* _YOUR GOAL_
What you return must match the data below exactly, minus any pictures.

-------- DATA SHOWN --------

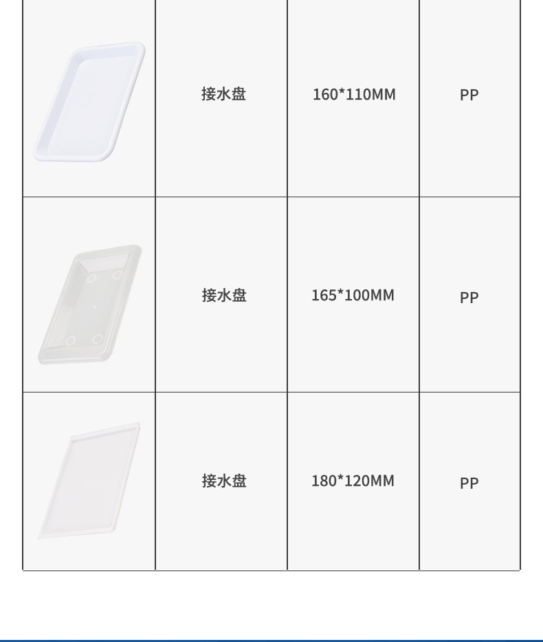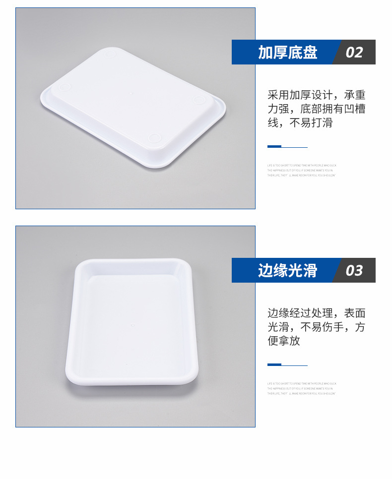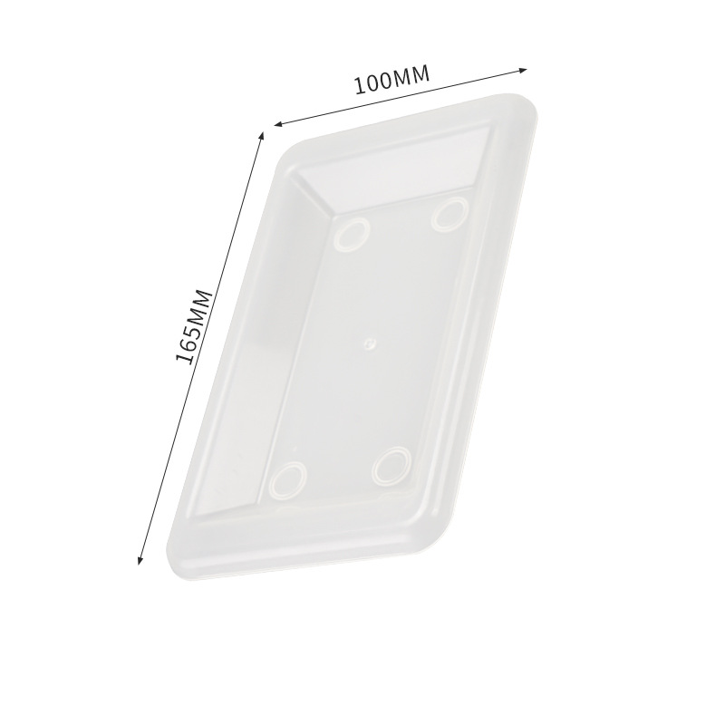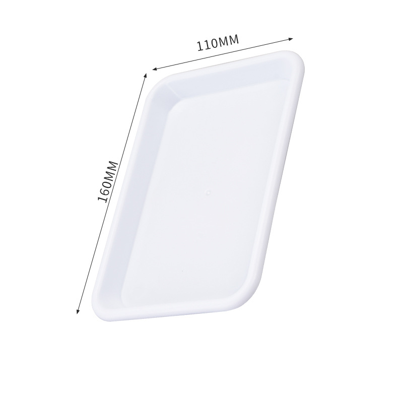제조업체 직접 공급 두꺼운 pp 흰색 플라스틱 물 트레이 직사각형 가장자리 150*90mm 투명 배수 트레이
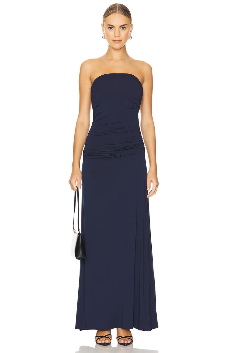 Soft jersey fabric with subtle ruching along the sides sculpts a sleek, column silhouette in this elegant maxi dress. The strapless neckline and fitted bodice highlight the shoulders and waist, creating a minimalist and classic look perfect for cocktail parties, date nights, or semi-formal events. Its pull-on styling ensures easy wear while the viscose-elastane blend offers comfortable stretch and drape. A versatile choice for all seasons, this navy blue dress combines understated sophistication with effortless style.
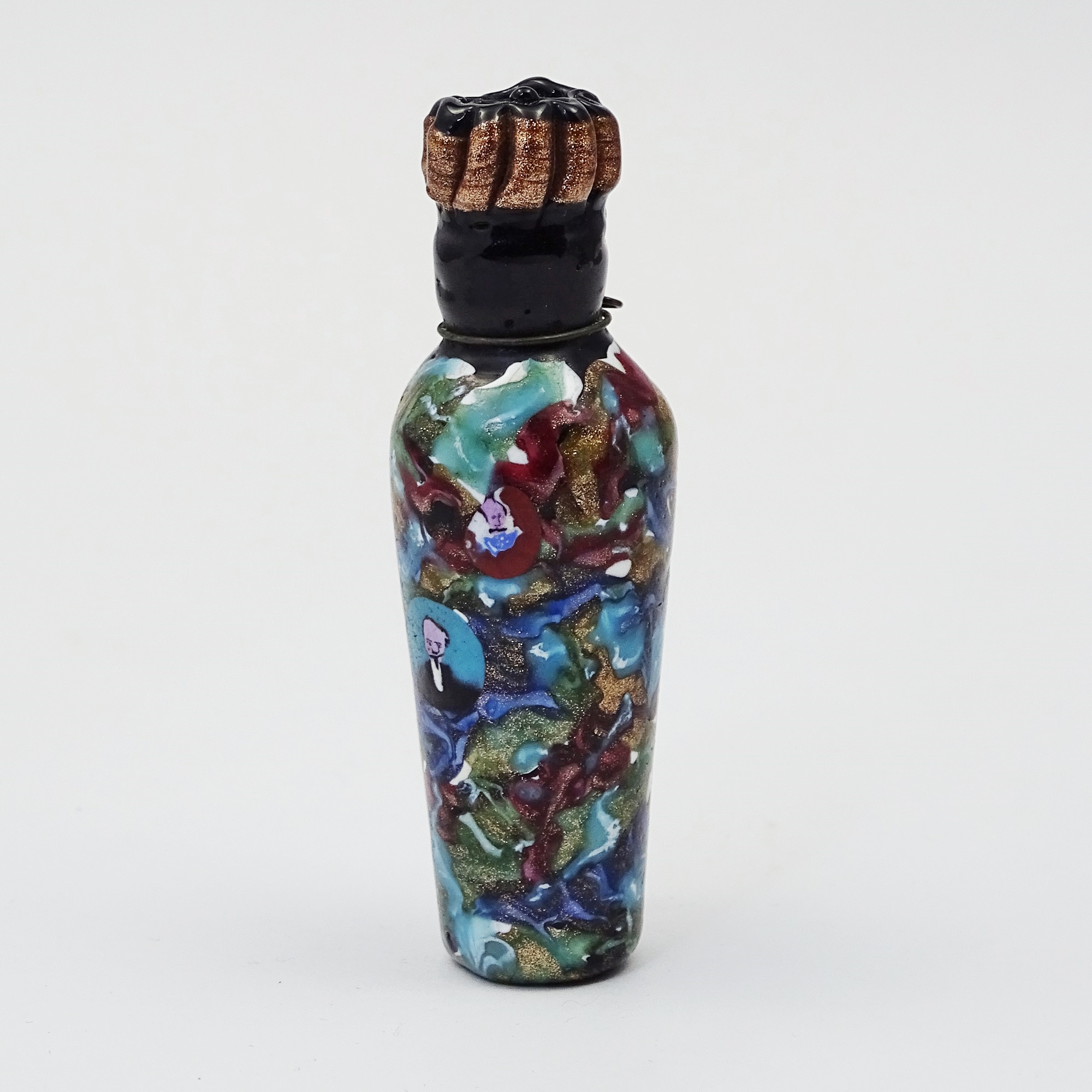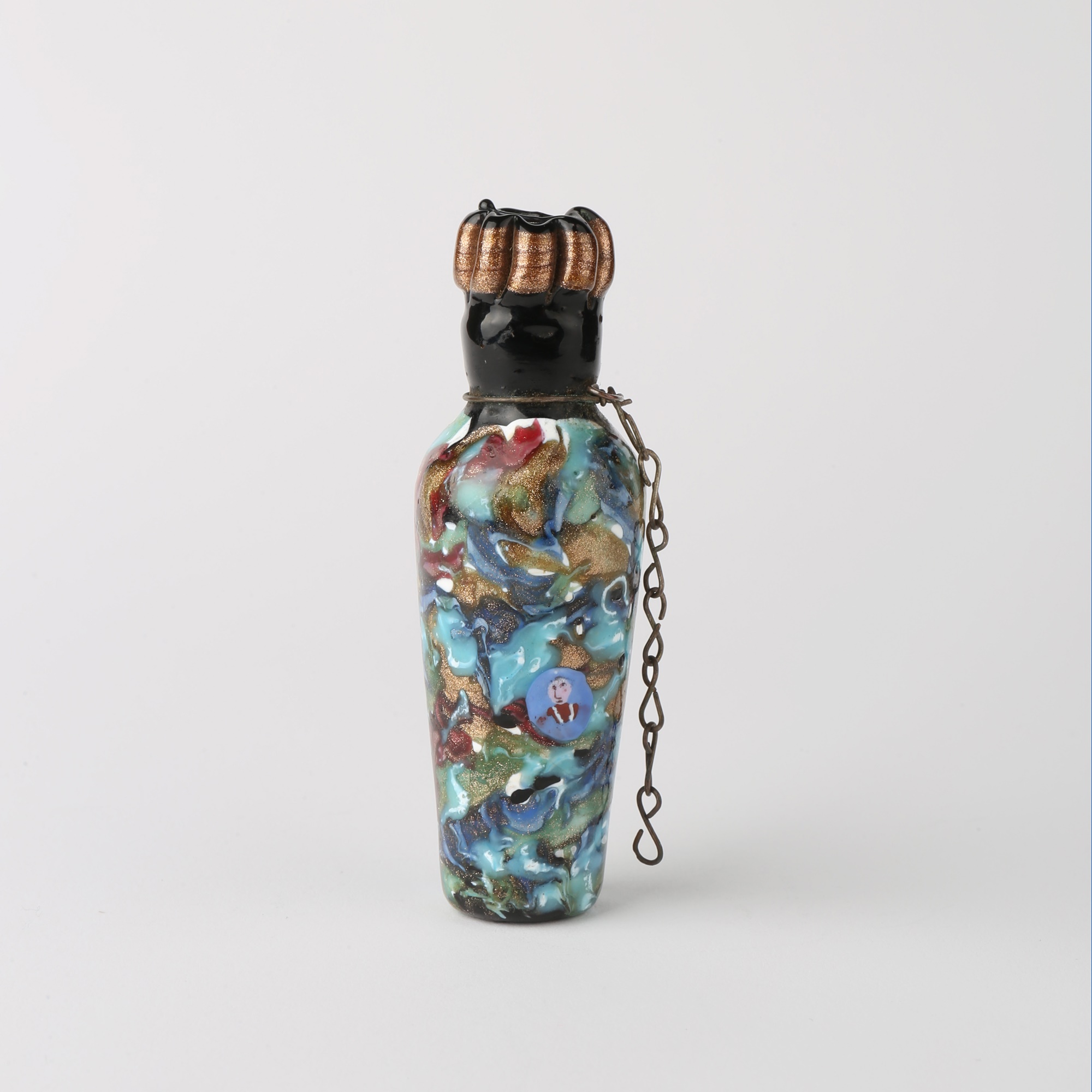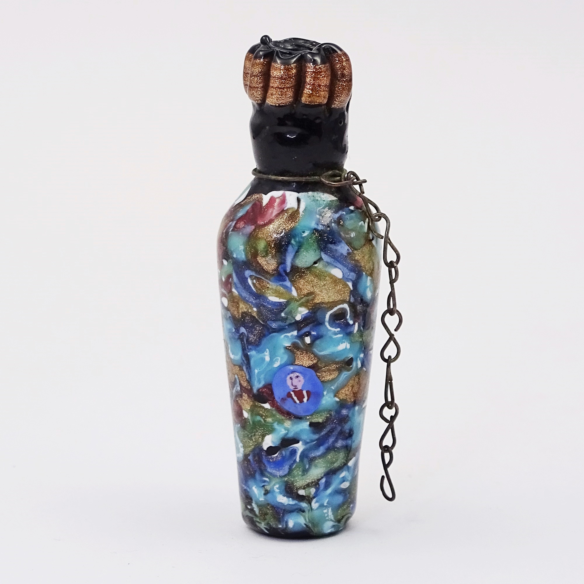 Rare standing scent bottle in Murano glass with aventurine. Three murrine with portraits: the Pope Pio IX, Giuseppe Mazzini and Napoleon III, the three main characters of the ” Roman Repubblic” in 1849. Missing cap (a cork or a tiny glass stopper) once attached to a little chain with wire collar.
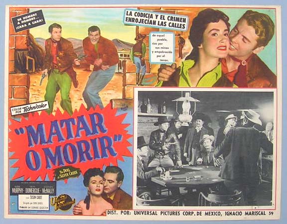 Beautiful Mexican jumbo lobby card (12.5x16.5") from the 1952 Universal western film, THE DUEL AT SILVER CREEK, which starred Audie Murphy, Faith Domergue, Stephen McNally, Susan Cabot and Gerald Mohr. $25 each |
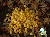 Когда лук станет прозрачным, добавить кукурузу, перемешать. |

--------

* _RESULT OF THIS EXERCISE_
제조업체 직접 공급 두꺼운 pp 흰색 플라스틱 물 트레이 직사각형 가장자리 150*90mm 투명 배수 트레이
 Soft jersey fabric with subtle ruching along the sides sculpts a sleek, column silhouette in this elegant maxi dress. The strapless neckline and fitted bodice highlight the shoulders and waist, creating a minimalist and classic look perfect for cocktail parties, date nights, or semi-formal events. Its pull-on styling ensures easy wear while the viscose-elastane blend offers comfortable stretch and drape. A versatile choice for all seasons, this navy blue dress combines understated sophistication with effortless style.
 Rare standing scent bottle in Murano glass with aventurine. Three murrine with portraits: the Pope Pio IX, Giuseppe Mazzini and Napoleon III, the three main characters of the ” Roman Repubblic” in 1849. Missing cap (a cork or a tiny glass stopper) once attached to a little chain with wire collar.
 Beautiful Mexican jumbo lobby card (12.5x16.5") from the 1952 Universal western film, THE DUEL AT SILVER CREEK, which starred Audie Murphy, Faith Domergue, Stephen McNally, Susan Cabot and Gerald Mohr. $25 each |
 Когда лук станет прозрачным, добавить кукурузу, перемешать. |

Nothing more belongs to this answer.